### Heroes Of Pymoli Data Analysis
* Of the 1163 active players, the vast majority are male (84%). There also exists, a smaller, but notable proportion of female players (14%).

* Our peak age demographic falls between 20-24 (44.8%) with secondary groups falling between 15-19 (18.60%) and 25-29 (13.4%).  
-----

### Note
* Instructions have been included for each segment. You do not have to follow them exactly, but they are included to help you think through the steps.

As final considerations:

* You must use the Pandas Library and the Jupyter Notebook.
* You must submit a link to your Jupyter Notebook with the viewable Data Frames.
* You must include a written description of three observable trends based on the data.
* See [Example Solution](HeroesOfPymoli/HeroesOfPymoli_starter.ipynb) for a reference on expected format.

In [1]:
# Dependencies and Setup
import pandas as pd
import numpy as np

# File to Load (Remember to Change These)
data_file = "Resources/purchase_data.csv"
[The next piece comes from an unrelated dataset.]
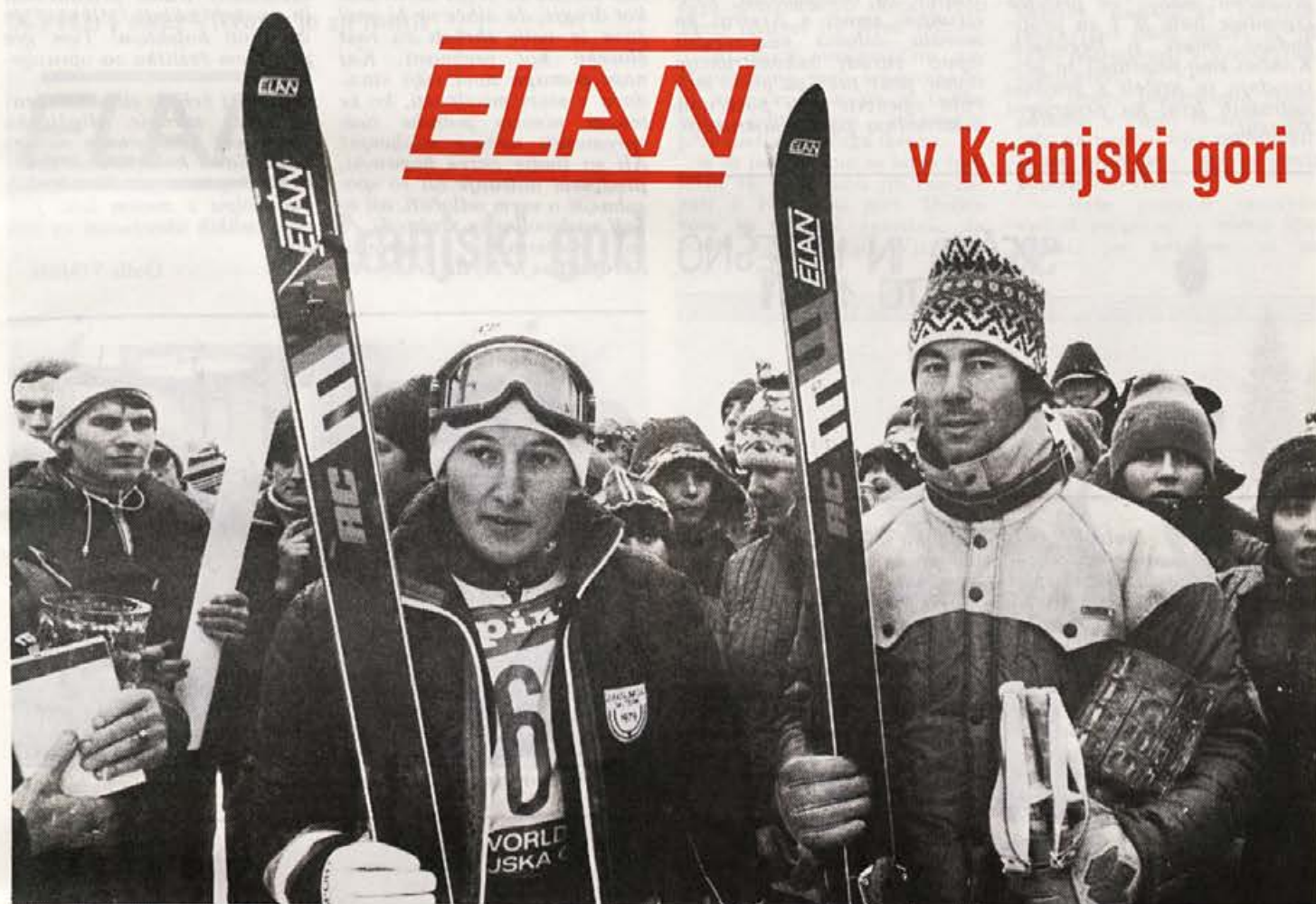
Prvi in tretji v slalomu v Kranjski gori

# Read Purchasing File and store into Pandas data frame
purchase_data = pd.read_csv(data_file)

In [2]:
#Show first five rows of data

purchase_data.head()

Unnamed: 0,Purchase ID,SN,Age,Gender,Item ID,Item Name,Price
0,0,Lisim78,20,Male,108,"Extraction, Quickblade Of Trembling Hands",3.53
1,1,Lisovynya38,40,Male,143,Frenzied Scimitar,1.56
2,2,Ithergue48,24,Male,92,Final Critic,4.88
3,3,Chamassasya86,24,Male,100,Blindscythe,3.27
4,4,Iskosia90,23,Male,131,Fury,1.44


## Player Count

* Display the total number of players


In [3]:
#Count each of the total_players in SN column; .value_counts() counts unique values
total_players = len(purchase_data["SN"].value_counts())
total_players

#Convert the total_players count to DataFrame where dictionary key: Player Count and value: total_players
total_players_df = pd.DataFrame({"Player Count":[total_players]})
total_players_df

Unnamed: 0,Player Count
0,576


### Purchasing Analysis (Total)

* Number of Unique Items
* Average Purchase Price
* Total Number of Purchases
* Total Revenue

* Run basic calculations to obtain number of unique items, average price, etc.
* Create a summary data frame to hold the results
* Optional: give the displayed data cleaner formatting
* Display the summary data frame


In [4]:

#Calculate number of unique items ("Item ID")
number_unique_items = len(purchase_data["Item ID"].value_counts())

# #Caluculate average price ("Price")
average_price = round(purchase_data["Price"].mean(),2)

# #Calculate number of purchases ("Purchase ID")
number_purchases = len(purchase_data["Purchase ID"].value_counts())

#Calculate number of total revenue = sum of ("Price")
total_revenue = purchase_data["Price"].sum()


# #create a summary data frame to hold the results
analysis_summary = pd.DataFrame({"Number of Unique Items":[number_unique_items], "Average Price":[average_price], "Number of Purchases":[number_purchases],"Total Revenue":[total_revenue]})

#Format columns using .map("${:,.2f}".format)
analysis_summary["Average Price"] = analysis_summary["Average Price"].map("${:,.2f}".format)
analysis_summary["Total Revenue"] = analysis_summary["Total Revenue"].map("${:,.2f}".format)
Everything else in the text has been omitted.